0
votes

I am a newbie to AWS and snowflake. I am looking to load csv files from S3 to respective snowflake tables (about 100 tables) using aws glue. I was able to load data into 1 snowflake table using the below article

https://support.snowflake.net/s/article/How-to-Set-up-AWS-Glue-ETL-for-Snowflake

Is it possible to use 1 aws glue to load a list of tables?

Inside AWS Glue - can we write logic to update or insert data in snowflake based on csv files ?

Please advice and share any sample code /solutions if any.

Thanks, Jo

3
I know you are asking for Glue specifically but like someone else pointed out, you can use other tools that aren't so intensive. I would look into Snowflake's Snowpipe service. Basically you will need to set up a notification in S3 then some additional setup in Snowflake then Snowflake will auto-ingest new records from S3 without any jobs you need to maintain: docs.snowflake.com/en/user-guide/…Brock

3 Answers

0
votes

First of all, if you do not need Spark to process/transform data in your CSV files, using Snowflake COPY command would be a better option. At the end, AWS Glue (Spark) will also upload the files on an internal stage and use COPY command to insert data to Snowflake database.
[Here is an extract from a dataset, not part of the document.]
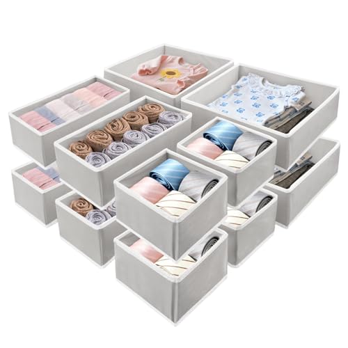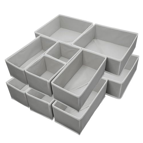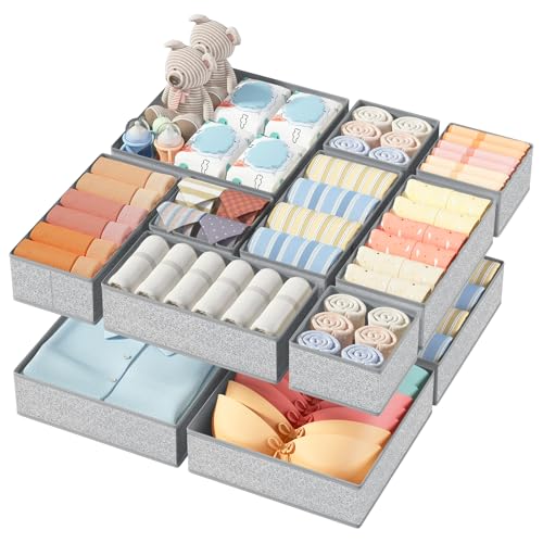 Foeska Drawer Organiser,Wardrobe Storage Organiser,Drawer Dividers for clothes,Foldable Drawer Organiser for Clothes,Underwear Storage Solution,for Bedroom,Wardrobe(12 pcs Grey)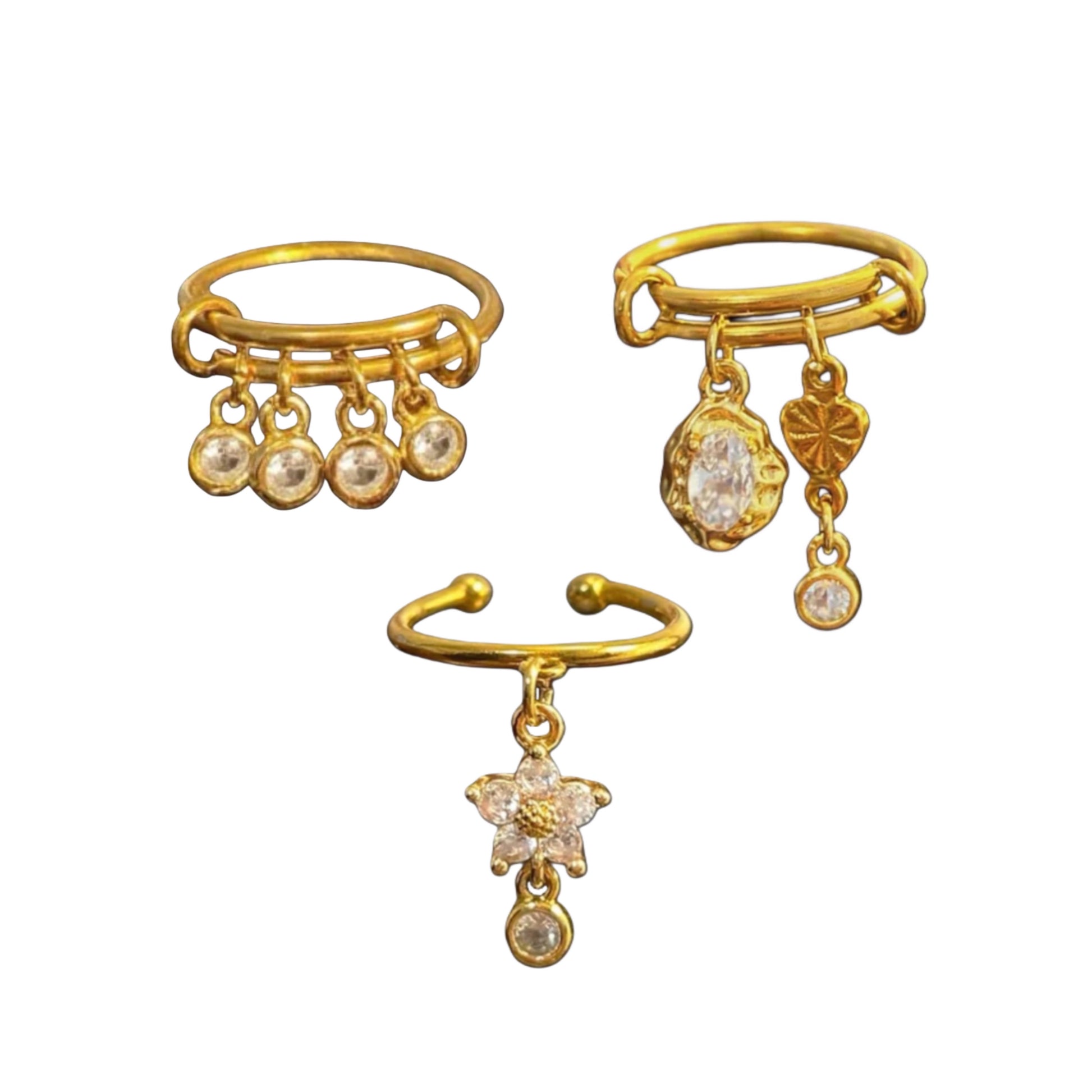 Cette pile de bagues rassemble trois de nos bagues pendantes de luxe, chacune accentuรฉe de pierres prรฉcieuses dorรฉes et blanches pour se complรฉter lorsqu'elles sont superposรฉes.ย

For using COPY command to load data, please check:

https://docs.snowflake.com/en/sql-reference/sql/copy-into-table.html

https://docs.snowflake.com/en/user-guide/data-load-external-tutorial.html

About your questions:

Is it possible to use 1 aws glue to load a list of tables?

Yes, it's possible to use 1 AWS Glue job to load multiple tables. AWS Glue is a flexible tool that you can write your custom Spark code. On the other hand, for simplicity, I recommend you to use 1 job for 1 table.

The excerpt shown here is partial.